---------- MATERIAL PROVIDED

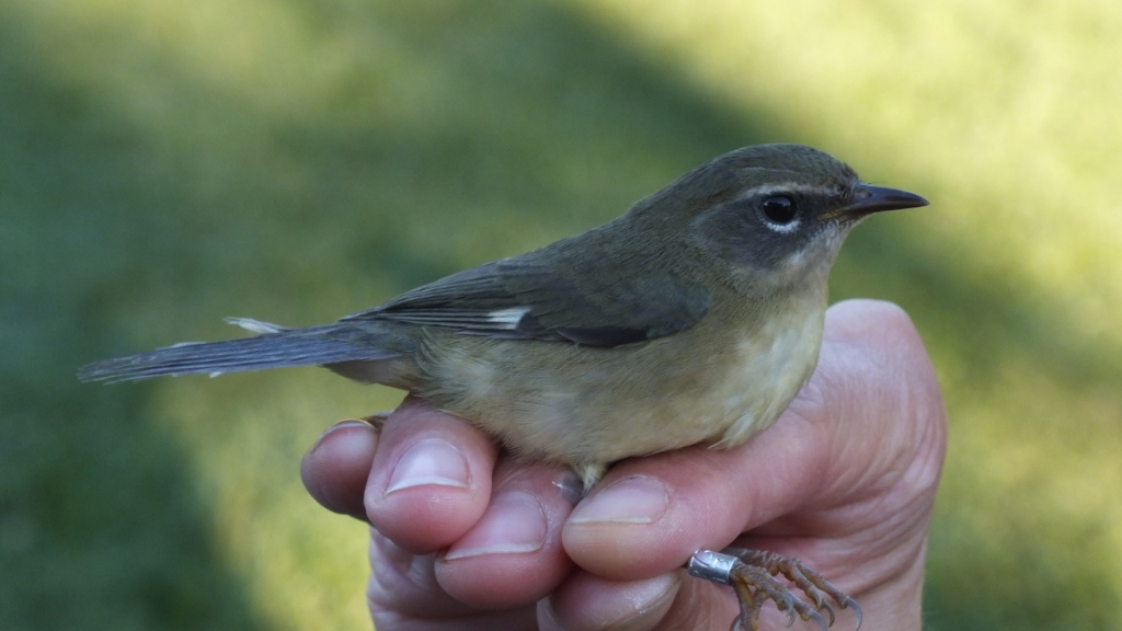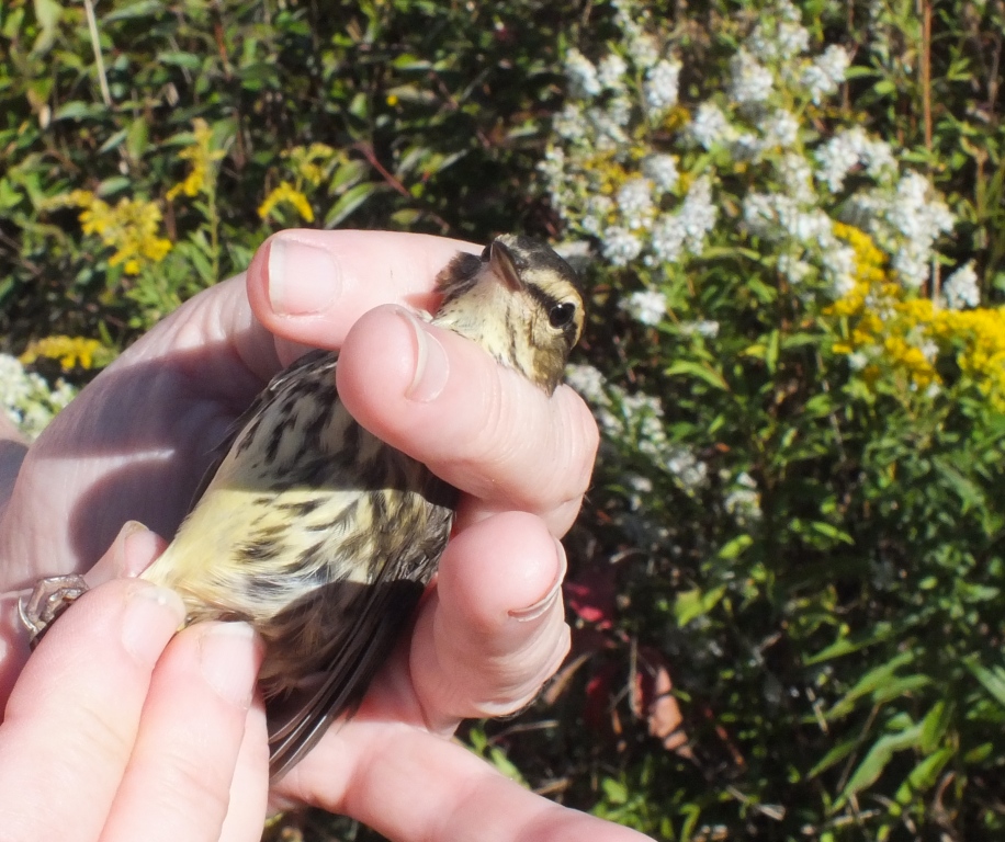 A great day to be outside! There was a good variety of birds around….just not down low in the area of the nets. So we did some work, made some changes: took down Net #1 and helped Carol put up her net – 4″C”. It will now be in competition with Nancy’s (1A), mine (6A) and Ben’s (9B). It got off to a great start – a Northern Waterthrush! We also put up 3 nets in the Meadow chain which we will use to see what migrants use the meadow as a stopover.
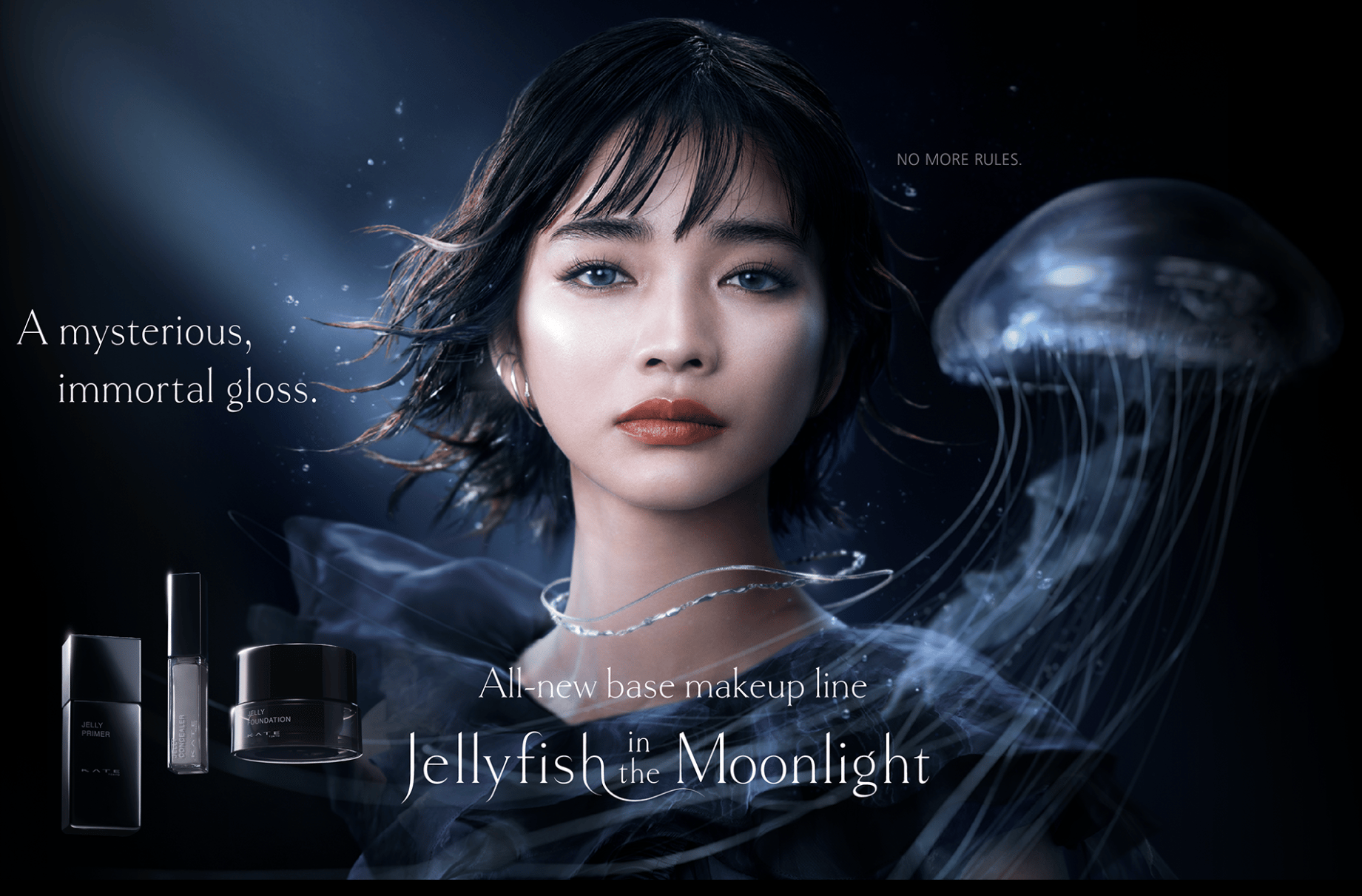 I started with a static image. A high-gloss cosmetic ad featuring jellyfish by Japanese beauty brand, Kate. Instead of describing it, I asked the AI to analyze it and output the style as a JSON object. This gave me a digital fingerprint of that aesthetic: specific parameters for lighting, color grading, and composition, stripped of the subject matter.
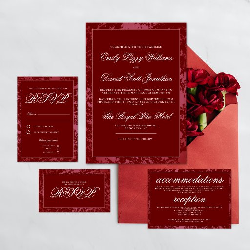 Classic traditional vintage elegant style crimson red and blush tone abstract art texture border with calligraphy script personalised wedding QR code budget response card. This product can be easily personalised. If you need help with the customisation of the product kindly please message me via Zazzle.
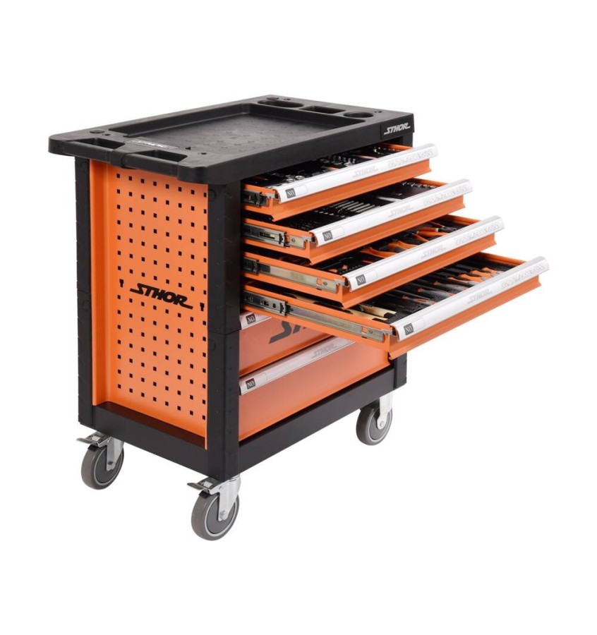 Szafka serwisowa z narzędziami marki STHOR. Posiada 6 szuflad na prowadnicach kulkowych wyposażonych w 12 plastikowych modułów z narzędziami. Szafka serwisowa STHOR zawiera 302 specjalnie wyselekcjonowane narzędzia. Profile szafki wykonane z blachy stalowej. Centralny zamek oraz zamknięcie dla każdej szuflady. Narzędzia wykonane ze stali CrV. Szafka posiada narożne odbojniki, które chronią przed przypadkowym uszkodzeniem, np. karoserii samochodu. Blat wykonany z wytrzymałego polipropylenu.
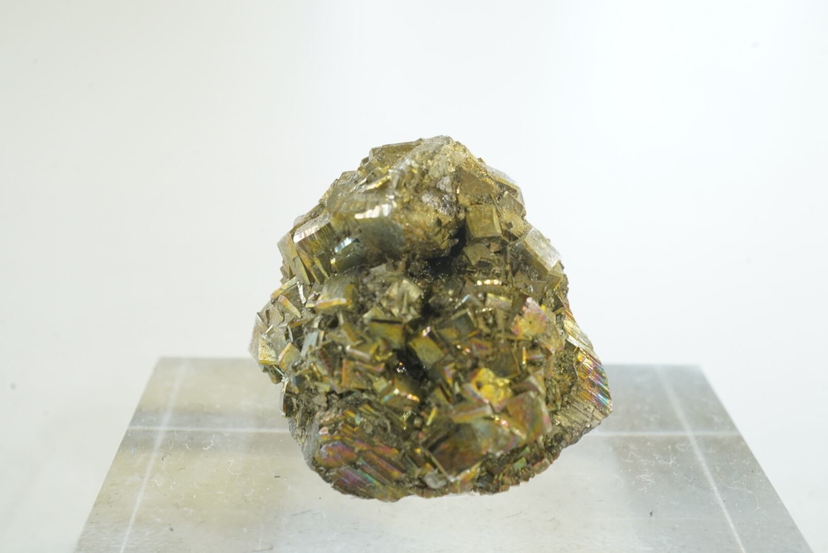 ほんのり虹色を帯びた、複雑な形の黄鉄鉱です。
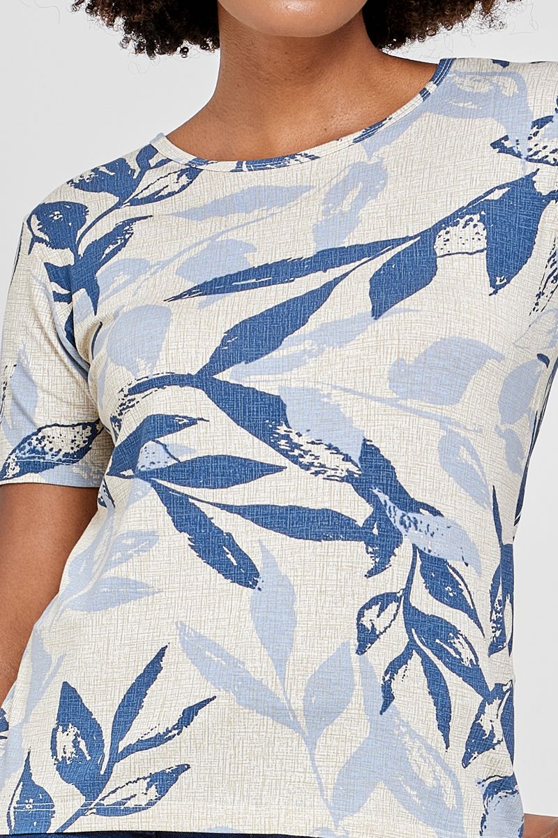 - Marca: Caedu - Material: 95% viscose, 5% elastano - Estampa: Diversas - Gola: Redonda - Manga: Curta - Estilo: Casual - Modelagem: Solta
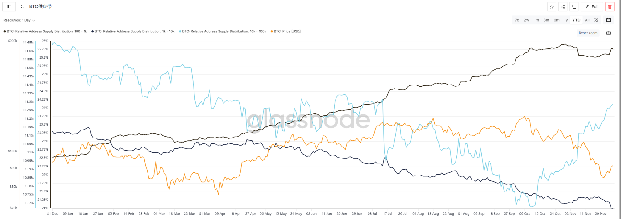 从比特币持币地址持币占比来看,本周(11.22-11.28)持币量大于 100 且小于 1K 的地址持币占比小幅向上,从 25.534% 升至 25.776%,表明该部分地址本周整体呈增持态势;持币量大于 10K 且小于 100K 的地址持币占比进一步反弹,从 10 月 11 日的 10.678% 升至当前的 11.286%,同样持续增持;而持币量大于 1K 且小于 10K 的地址持币占比则出现拐头回落,从 21.342% 降至 21%,整体呈减持状态。
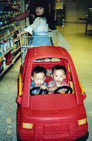 アメリカのスーパーはでかい。だからカートもでかい。でかいだけでなく子供
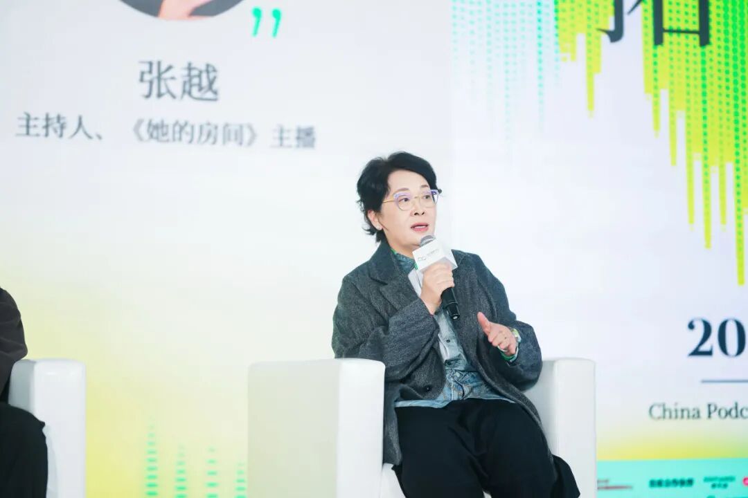 1995年,张越主持的节目《半边天》开创了女性访谈的先河。2022年从央视退休后,她转型做自媒体,于2024年推出了女性对话类播客《她的房间》。张越说,退休后她曾因为害怕舆论场上愈演愈烈的争吵,一度决定再也不做媒体相关的事情了,做播客是受到自己一位学生的鼓动。那位学生是重度的播客爱好者,给张越推荐了很多播客范本并告诉她,你放心,那边一般不吵架,而且听众有耐心,可以用很长时间把一件事说清楚。
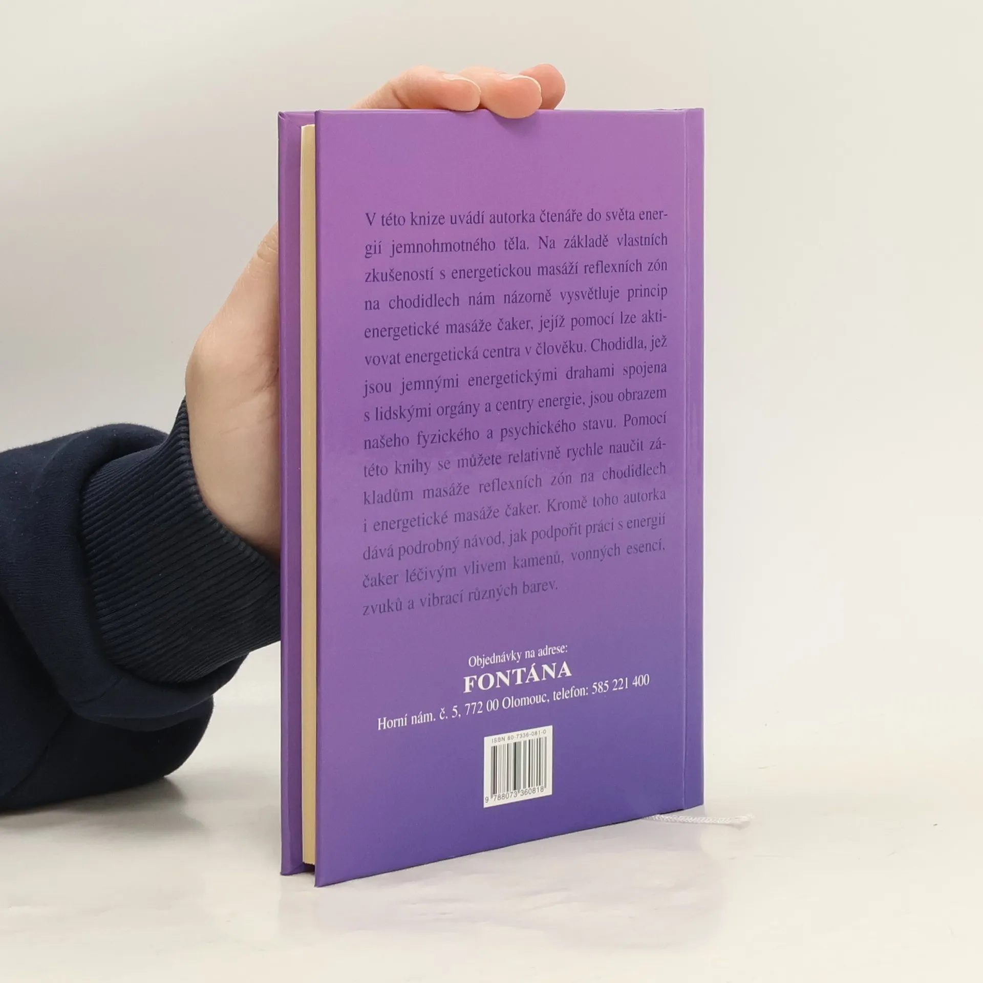 Autorka této knihy uvádí čtenáře do světa energií jemnohmotného těla. Na základě vlastních zkušeností s energetickou masáží reflexních zón na chodidlech názorně vysvětluje princip energetické masáže čaker, jejíž pomocí lze aktivovat silová centra v lidském organizmu. Chodidla, jež jsou jemnými energetickými drahami spojena s lidskými orgány, jsou obrazem našeho fyzického i psychického stavu. Pomocí této knihy se můžete velmi brzy naučit základům masáže reflexních zón i manipulaci s jemnohmotnými centry energie prostřednictvím chodidel. Kromě toho zde naleznete i návody, jak podpořit práci s čakrami využitím léčivého působení kamenů, vonných esencí, zvuků a barev.
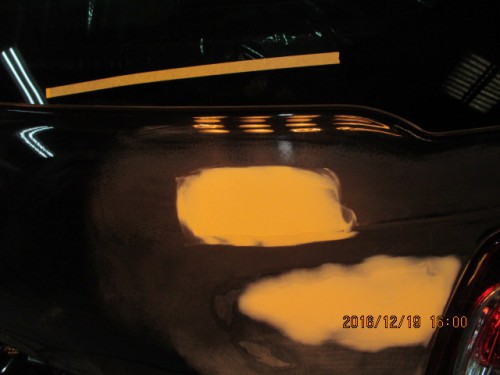 2 リヤゲートを板金し、ポリパテを塗布します。

--------------------

## WORK INSTRUCTIONS
Could each line of the data be written out exactly, with no pictures included?

## TASK ANSWER
 A great day to be outside! There was a good variety of birds around….just not down low in the area of the nets. So we did some work, made some changes: took down Net #1 and helped Carol put up her net – 4″C”. It will now be in competition with Nancy’s (1A), mine (6A) and Ben’s (9B). It got off to a great start – a Northern Waterthrush! We also put up 3 nets in the Meadow chain which we will use to see what migrants use the meadow as a stopover.
 I started with a static image. A high-gloss cosmetic ad featuring jellyfish by Japanese beauty brand, Kate. Instead of describing it, I asked the AI to analyze it and output the style as a JSON object. This gave me a digital fingerprint of that aesthetic: specific parameters for lighting, color grading, and composition, stripped of the subject matter.
 Classic traditional vintage elegant style crimson red and blush tone abstract art texture border with calligraphy script personalised wedding QR code budget response card. This product can be easily personalised. If you need help with the customisation of the product kindly please message me via Zazzle.
 Szafka serwisowa z narzędziami marki STHOR. Posiada 6 szuflad na prowadnicach kulkowych wyposażonych w 12 plastikowych modułów z narzędziami. Szafka serwisowa STHOR zawiera 302 specjalnie wyselekcjonowane narzędzia. Profile szafki wykonane z blachy stalowej. Centralny zamek oraz zamknięcie dla każdej szuflady. Narzędzia wykonane ze stali CrV. Szafka posiada narożne odbojniki, które chronią przed przypadkowym uszkodzeniem, np. karoserii samochodu. Blat wykonany z wytrzymałego polipropylenu.
 ほんのり虹色を帯びた、複雑な形の黄鉄鉱です。
 - Marca: Caedu - Material: 95% viscose, 5% elastano - Estampa: Diversas - Gola: Redonda - Manga: Curta - Estilo: Casual - Modelagem: Solta
 从比特币持币地址持币占比来看,本周(11.22-11.28)持币量大于 100 且小于 1K 的地址持币占比小幅向上,从 25.534% 升至 25.776%,表明该部分地址本周整体呈增持态势;持币量大于 10K 且小于 100K 的地址持币占比进一步反弹,从 10 月 11 日的 10.678% 升至当前的 11.286%,同样持续增持;而持币量大于 1K 且小于 10K 的地址持币占比则出现拐头回落,从 21.342% 降至 21%,整体呈减持状态。
 アメリカのスーパーはでかい。だからカートもでかい。でかいだけでなく子供
 1995年,张越主持的节目《半边天》开创了女性访谈的先河。2022年从央视退休后,她转型做自媒体,于2024年推出了女性对话类播客《她的房间》。张越说,退休后她曾因为害怕舆论场上愈演愈烈的争吵,一度决定再也不做媒体相关的事情了,做播客是受到自己一位学生的鼓动。那位学生是重度的播客爱好者,给张越推荐了很多播客范本并告诉她,你放心,那边一般不吵架,而且听众有耐心,可以用很长时间把一件事说清楚。
 Autorka této knihy uvádí čtenáře do světa energií jemnohmotného těla. Na základě vlastních zkušeností s energetickou masáží reflexních zón na chodidlech názorně vysvětluje princip energetické masáže čaker, jejíž pomocí lze aktivovat silová centra v lidském organizmu. Chodidla, jež jsou jemnými energetickými drahami spojena s lidskými orgány, jsou obrazem našeho fyzického i psychického stavu. Pomocí této knihy se můžete velmi brzy naučit základům masáže reflexních zón i manipulaci s jemnohmotnými centry energie prostřednictvím chodidel. Kromě toho zde naleznete i návody, jak podpořit práci s čakrami využitím léčivého působení kamenů, vonných esencí, zvuků a barev.
 2 リヤゲートを板金し、ポリパテを塗布します。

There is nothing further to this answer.